The 2019 FierceBiotech assemblage includes a familiar name from the Research Triangle area. Morrisville-based Locus Biosciences, a developer of precision antibacterial therapies, joins 14 other companies on the list from the U.S., Belgium, the U.K. and Spain.

“This year has seen unrivalled scientific talent in the early stage life sciences world,” said Ben Adams, senior editor at FierceBiotech. “Each of these companies brought something different, exciting and potentially life-changing for myriad patients around the world across a host of diseases and disorders.”

Locus is no exception. It’s developing what is known as Type 1 CRISPR-Cas3-enhanced bacteriophage therapeutics. Locus starts with naturally occurring bacteriophages (phages) that infect and replicate within bacteria. It then increases their ability to kill bacteria by arming them with CRISPR-Cas3. The technology doesn’t touch the non-targeted “good’ organisms in the patient’s body. 

CRISPR phage technology is death to bad bacteria cells

CRISPR – the acronym for Clustered Regularly Interspaced Short Palindromic Repeats – is a naturally occurring immune system that bacteria use to fight off infection. In recent years, scientists have adapted one form of CRISPR – Cas9 – to edit DNA at specific places in the genome. 

Locus graphic
Locus graphic

Locus’ introduction of CRISPR-Cas3 is important because, unlike Cas9, it shreds the target DNA, leading to cell death. That helps destroy residual bacteria that could otherwise survive infection by the bacteriophage. 
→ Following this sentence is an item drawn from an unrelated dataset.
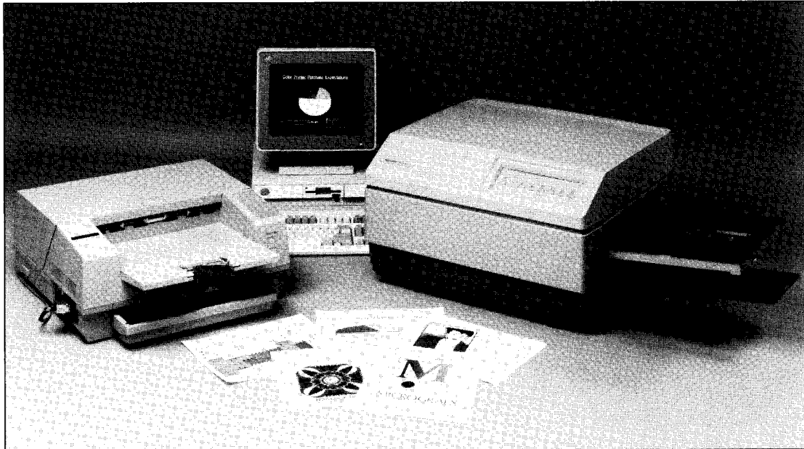
New Phaser™ Printers

Locus CEO Paul Garofolo explains it this way. Phages can target and attack bacteria, but “just like any other predator-prey relationship on the entire planet, a predator will never kill all its prey.”  Natural phages always leave residual bacteria behind and that can provide a pathway for a pathogen to come back even stronger. CRISPER-Cas3 finishes the job.

The idea of using phages to fight bacteria isn’t new. They’ve been deployed for that purpose since the late 19th century, but usually weren’t effective enough on their own to treat serious infections. So the approach was relegated to the back burner with the successful introduction of antibiotics. 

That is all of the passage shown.